Snyder asked Nelson and Watts to switch positions. After both players consummated the deal, Jordy Nelson’s college football career began to take off.
Nelson had 669 receiving yards and eight touchdowns on 45 receptions during his redshirt sophomore campaign in 2005.
Although Jordy Nelson began to emerge as a college wideout, the Wildcats’ fortunes in the final years of Snyder’s first tour of duty as Wildcats’ head football coach took a turn for the worse.
Kansas State won just five games in 2005 – a mere one-game improvement from its dismal four-win season one year earlier.
Nelson regressed in Ron Prince’s first year as Wildcats head football coach in 2006 – the former had 547 receiving yards and one touchdown catch on 39 receptions.

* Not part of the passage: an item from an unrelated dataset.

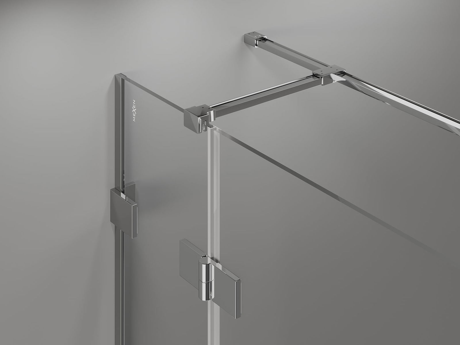 Klemmen en scharnieren zijn gemaakt van zeer duurzaam messing en vormen bovendien een effen glazen plaat. Het is een uitstekende keuze die elegantie, duurzaamheid en modern design combineert. Dankzij dergelijke oplossingen wordt de douche esthetischer en wordt het tegelijkertijd gemakkelijker om schoon te maken.

Jordy Nelson ended his college football career with a bang. He exploded for 1,606 receiving yards and 11 touchdowns on 122 receptions as a redshirt senior in 2007.
Nelson established tremendous chemistry with Wildcats sophomore quarterback Josh Freeman. The latter had 3,353 passing yards and 18 touchdowns in the 2007 NCAA campaign. Freeman signed a five-year, $26 million contract with the Tampa Bay Buccaneers two years later.
One of Nelson’s memorable moments as a redshirt senior was hauling in a 68-yard touchdown pass from Freeman in October 2007.
It wasn’t merely an ordinary touchdown reception – Kansas Jayhawks and future five-time Pro Bowl defensive back Aqib Talib defended Nelson on that play.
Talib gave credit to Freeman for an exceptional throw. For his part, Nelson turned on the afterburners shortly after Freeman released the pass, per SI.com.
Nelson also proved he wasn’t a one-dimensional wideout. He also had two punt returns for touchdowns and two touchdown passes in his last season in Manhattan, KS.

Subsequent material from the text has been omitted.